Penamaan tarekat maulawiyah merupakan turunan dari kata maulana yang berarti guru kami atau dalam istilah lain our master, yaitu gelar yang diberikan murid-muridnya kepada sorang sufi penyair Persia terbesar Muhammad Jalal al-Din Rumi yang wafat pada tahun 1273.[15]Dari sini jelas terpahami bahwa tarekat ini didirikan oleh Rumi yang meninggal di Anatolia Turki. Khas dari aliran tarekat ini ialah tarian mistik dengan cara keadaan tidak sadar (fana’), agar dapat bersatu dengan Tuhan. Penganut-penganutnya bersifat pengasih dan tidak berharap pada kepentingan diri sendiri, serta berpengarangai degan gaya hidup yang sangat sederhana.[16]

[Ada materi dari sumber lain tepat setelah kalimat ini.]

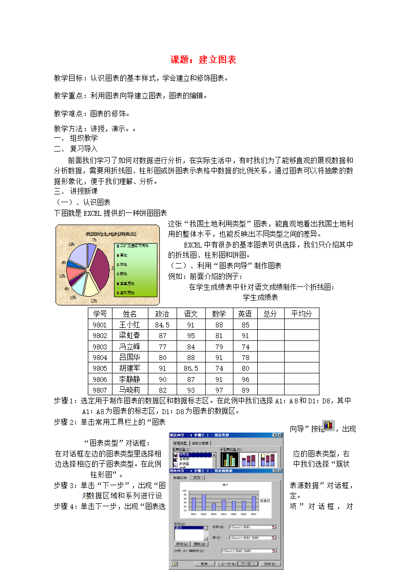 课题:建立图表教学目标:认识图表的基本样式,学会建立和修饰图表。教学重点:利用图表向导建立图表,图表的编辑。教学难点:图表的修饰。教学方法:讲授,演示。。组织教学复习导入前面我们学习了如何对数据进行分析,在实际生活中,有时我们为了能够直观的展现数据和分析数据,需要用折线图、柱形图或饼图表示表格中数据的比例关系,通过图表可以将抽象的数据形象化,便于我们理解、分析。讲授新课(一)、认识图表下图就是EXCEL提供的一种饼图图表这张“我国土地利用类型”图表,能直观地看出我国土地利用的整体水平,也能反映出不同类型之

Keluarga Rumi merupakan keluarga terpandang, satu bukti ialah ayahnya Baha'al-Din Walad diangkat jadi pembimbing spiritual oleh Sulat Konya, bahkan Sultan tersebut juga memberinya gelar kerhormatan "Sultan al-Ulama (rajanya para ulama)". Setelah ayahnya meninggal, Rumi mengambil posisi ayahnya sebagai penasehat para ulama Konya serta pembimbing bagi murid-murid ayahnya, kurang lebih satu tahun dari kematian ayahnya, atas anjuran gurunya Burhan al-Din Rumi meneruskan pendidikannya di Aleppo dan mengunjungi beberapa madrasah yang dibangun oleh al- Malik al-Zhahir. Dari sini Ia pindah ke Damaskus dan mempunyai kesempatan emas untuk bercakap dengan tokoh-tokoh besar, seperti Muhy al-Din bin 'Arabi, Sa'ad al-Din Al-Hamawi, Utsman Al-Rumi, Awhad al-Din bin Arabi, dan Shadr al-Din al-Qunyawi. Pada tahun 1236 M Rumi kembali ke Konya dan menyibukkan diri dengan menuntut ilmu dan memberikan bimbingan spiritual sampai gurunya meninggal dunia pada tahun 1241 M.[17]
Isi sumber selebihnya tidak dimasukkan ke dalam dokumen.